Fig. 5: ARG1 promotes eosinophil activation in allergic airway inflammation in vitro and in vivo.

A–E Eosinophils were isolated from the peripheral blood of Il5 Tg mice and treated with or without IL33 (20 ng/ml) for 8 h. A Arginase activity in eosinophils with or without 20 µM nor-NOHA and 20 µM BEC (n = 3 biological replicates). B, C ELISA analysis (n = 3 biological replicates) of culture supernatants from eosinophils incubated with or without 20 µM nor-NOHA and 20 µM BEC for IL4 (B) and IL13 (C). D, E Flow cytometry (n = 3 biological replicates) analysis for CD69 (D) and ICAM-1 (E) expression on eosinophils with or without 20 µM nor-NOHA and 20 µM BEC. F–K C57BL/6 mice were intratracheally instilled with 100 µg of HDM on days 0, 7, and 14. Saline or nor-NOHA was administered via intratracheal instillation at a dose of 4 mg/kg on days 14, 15, and 16 (Control-NS, n = 3 biological replicates; Control-HDM, n = 6 biological replicates; nor-NOHA-NS, n = 4 biological replicates; nor-NOHA-HDM, n = 6 biological replicates).
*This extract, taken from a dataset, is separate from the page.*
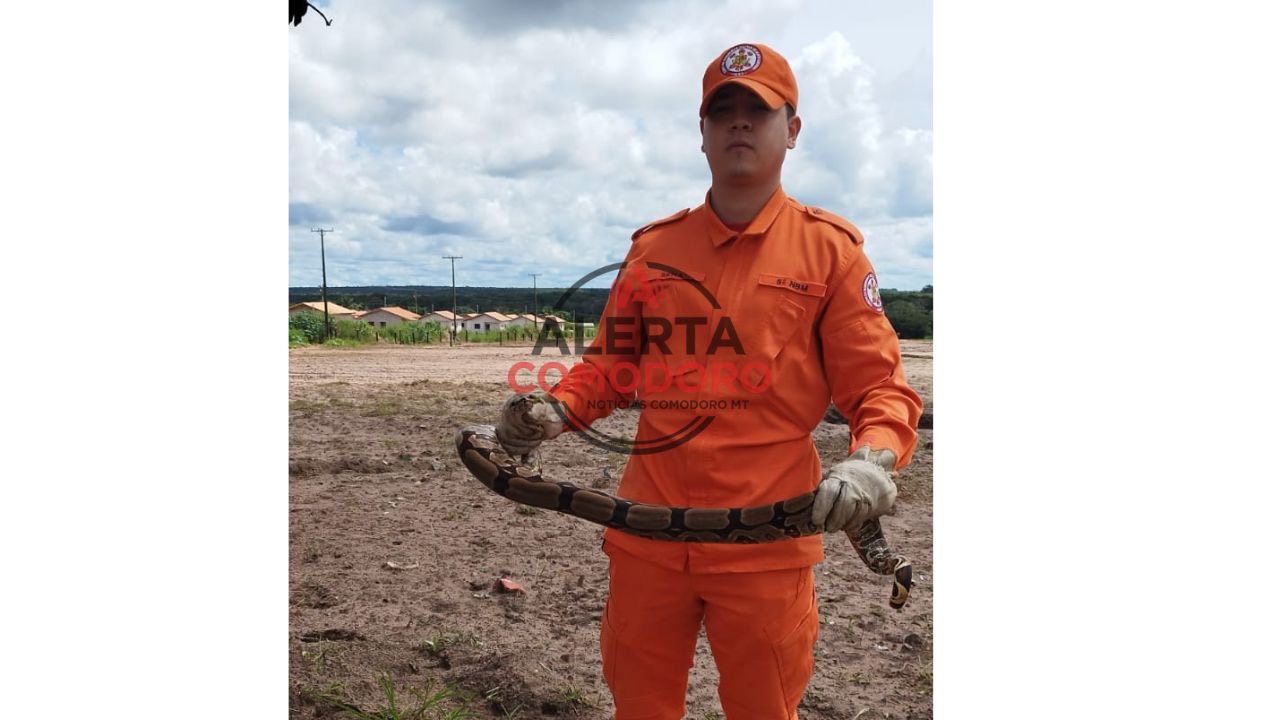 Na manhã desta semana, o Corpo de Bombeiros Militar de Comodoro realizou o resgate de uma cobra da espécie jiboia (boa constrictor) no bairro Jonas Pinheiro, após ser acionado por moradores que avistaram o animal em área urbana.

F The count of inflammatory cells in BAL fluid from mice. G The mRNA levels of Il4, Il5, and Il13 in lung tissues analyzed by RT-qPCR. H Representative H&E stained lung tissue sections from mice. Scale bars, 200 µm. I Histological inflammatory scores from H&E images. J Representative PAS-stained lung tissue sections from mice. Scale bars, 100 µm. K PAS scores. Data presented are representative of three independent experiments shown as mean ± SEM. Statistical analyses were calculated using two-way ANOVA with Sidak’s multiple comparisons test.